Environment Configuration

import { Config } from 'assistme-agent-sdk'

const config = Config.create({
  // Different settings per environment
  development: {
    model: claude('claude-haiku-4-5'),    // Cheap model for dev
    logging: { level: 'debug' },
    guardrails: { enabled: false },        // Skip guardrails in dev
  },
  staging: {
    model: claude('claude-sonnet-4-6'),
    logging: { level: 'info' },
    guardrails: { enabled: true },
  },
  production: {
    model: claude('claude-sonnet-4-6'),
    logging: { level: 'warn' },
    guardrails: { enabled: true },
    retry: { maxRetries: 3 },
    circuitBreaker: { failureThreshold: 5 },
  },
})

const agent = new Agent({
  name: 'assistant',
  ...config.current(),
})

Monitoring Alerts

Set up alerts for production anomalies:

import { Alerts } from 'assistme-agent-sdk'

Alerts.configure({
  channels: [
    { type: 'slack', webhook: process.env.SLACK_WEBHOOK },
    { type: 'pagerduty', serviceKey: process.env.PD_KEY },
  ],
  rules: [
    { metric: 'agent_run_error_rate', threshold: 0.05, window: '5m', severity: 'critical' },
    { metric: 'agent_run_p99_latency', threshold: 30_000, window: '5m', severity: 'warning' },
    { metric: 'agent_daily_cost', threshold: 100, window: '24h', severity: 'warning' },
    { metric: 'guardrail_block_rate', threshold: 0.20, window: '1h', severity: 'warning' },
  ],
})

Best Practices

  1. Start with a single deployment, scale gradually — Don't over-engineer. A single serverless function handles most early workloads.

  2. Monitor costs from day one — Token costs can surprise you. Set alerts before they become problems.

  3. Use fallback models — Model APIs go down. Having a fallback prevents total outages.

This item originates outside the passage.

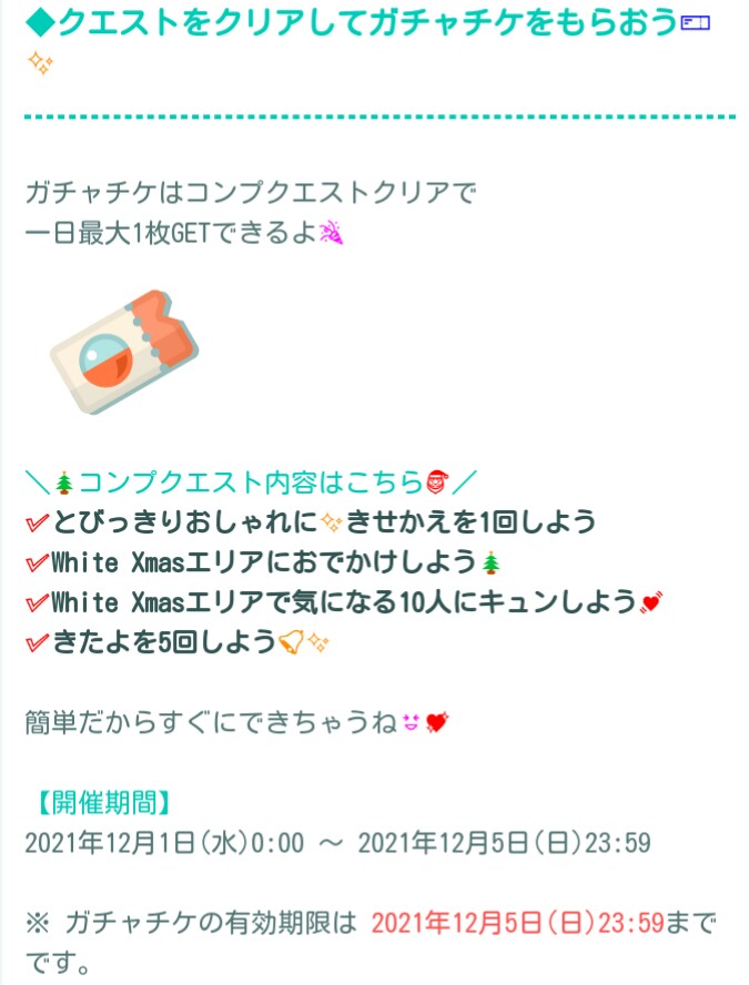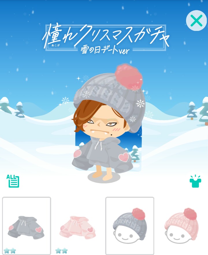 こちらでは日々のイベントクエストと連動してガチャチケ限定でのガチャとして「憧れクリスマスガチャ 雪の日デートver」が登場したので記録していきますね(^_-)-☆

  4. Test with production-like evaluation — Your E2E evals should use the same model and tools as production.

  5. Set hard limits — MaxTurns, token budgets, and rate limits are your safety net against runaway costs.

  6. Log for debugging, metric for alerting — Don't try to alert on log patterns. Use structured metrics for operational alerts.